For many people, obtaining a CBP One appointment — which requires lottery-like odds to secure a limited slot to present at an official port of entry — or being granted an exemption is nearly impossible, but their journey to safety can’t wait. The extreme restrictions on asylum access at the border lead people to undertake riskier journeys across more hostile terrain and through deeper, faster-moving waters — all increasingly weaponized with razor wire, underwater barriers, and buoys armed with saw blades. For those who manage to survive the journey, making it to the other side of the border is not a guarantee of safety, with people being forced back into the Rio Grande or having to rely on more narrow legal protections that could put them at elevated risk of deportation.

In the first two months since it was put in place, the asylum ban has caused immense physical, psychological, and emotional harm to people seeking safety. There are tens of thousands of people waiting for a CBP One appointment in precarious conditions, putting them in danger of extortion, exploitation, and other harm by bad actors. 

“The situation exceeds us,” says IRAP and Derechos Humanos Integrales en Acción (DHIA) Case Manager Victor Flores, recounting the increase in kidnappings, torture, and extortion of migrants waiting in Juárez carried out by cartels and the Mexican municipal police — a trend in border cities across the country. For Black, Indigenous, and LGBTQ+ people who are actively persecuted and discriminated against, the risk of harm is even higher.

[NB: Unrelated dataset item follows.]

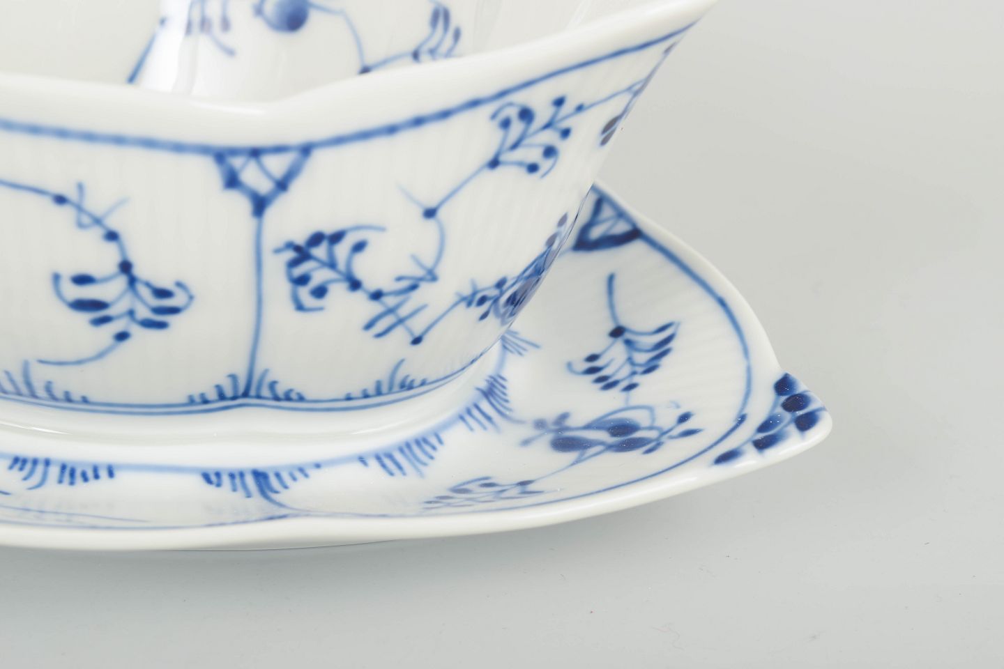Classic sauce boat in the “Blue Fluted Plain” porcelain series with separate underplate. The form is gently curved with a softly faceted rim and hand-painted cobalt-blue decoration on a fluted body. A well-preserved piece from Royal Copenhagen’s late 20th-century production.

The Biden administration has taken another page out of Trump’s immigration playbook by reviving the practice of subjecting people to credible fear interviews (CFIs) while they are detained by the U.S. Customs and Border Protection (CBP), instead of with asylum officers from the U.S. Citizen and Immigration Services (USCIS). The results of these interviews determine whether a person can move forward in the asylum process, and when conducted in CBP custody, asylum seekers’ access to legal assistance is severely limited. People in CBP custody report being denied resources as basic as phone calls to an attorney or access to pen and paper, and all of these restrictions prevent asylum seekers from being as prepared as possible to pass their CFIs and potentially push them back into danger. 

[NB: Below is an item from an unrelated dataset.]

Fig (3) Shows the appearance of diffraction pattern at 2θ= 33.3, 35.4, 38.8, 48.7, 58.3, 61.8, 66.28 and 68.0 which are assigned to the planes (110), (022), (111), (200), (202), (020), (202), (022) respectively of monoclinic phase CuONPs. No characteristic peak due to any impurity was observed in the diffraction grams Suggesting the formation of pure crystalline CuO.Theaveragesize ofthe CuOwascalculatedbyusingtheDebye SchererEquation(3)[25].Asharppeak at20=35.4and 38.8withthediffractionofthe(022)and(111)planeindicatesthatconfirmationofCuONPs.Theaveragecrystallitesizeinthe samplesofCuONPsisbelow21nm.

In an attempt to offset the negative effects of the asylum ban, the Biden administration has also announced a range of new and expanded pathways, including family-based parole programs, a nationality-based parole program for Cubans, Haitians, Nicaraguans, and Venezuelans, and broader access to refugee resettlement in Central America through Safe Mobility Offices in the region. However, these more narrow pathways are not a substitute for broad access to asylum for those in need of protection.

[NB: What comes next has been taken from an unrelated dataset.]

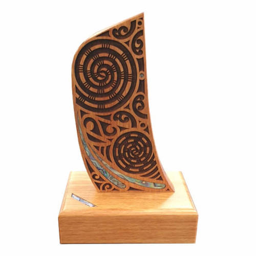 Our Waka Stern Post sits on a matching timber base that can be engraved.

The asylum ban must end. It is not only a moral imperative, but the United States’ legal responsibility to uphold the rights of people fleeing violence and persecution. Rather than continued investment in deterrence and militarization, the Biden administration should put resources toward ensuring due process by hiring more immigration judges and funding universal access to counsel, which are some ways to efficiently guarantee that people with asylum claims are heard. Investment should also be redirected towards expanding the processing infrastructure at ports of entry and supporting non-profits, community shelters, and faith-based organizations who provide vital resources and services to all migrants — no matter who they are, or where they’re from

Asylum seekers at the U.S.-Mexico border, like those who spent sleepless nights in makeshift camps in Matamoros, already faced incredible hardships in their home countries and countries of transit; they should not be put in even more harm on their journeys towards safety. While the courts decide the fate of the asylum ban, we must continue to understand the impacts of this policy on people seeking safety and advocate for its reversal. It’s time for the Biden administration to stand by its promises to restore a more humane immigration system and repeal its asylum ban. 

Isabel López is the 2023 Policy and Communications Intern at IRAP. She holds a Bachelor of Arts in Economics and International Studies from Rhodes College.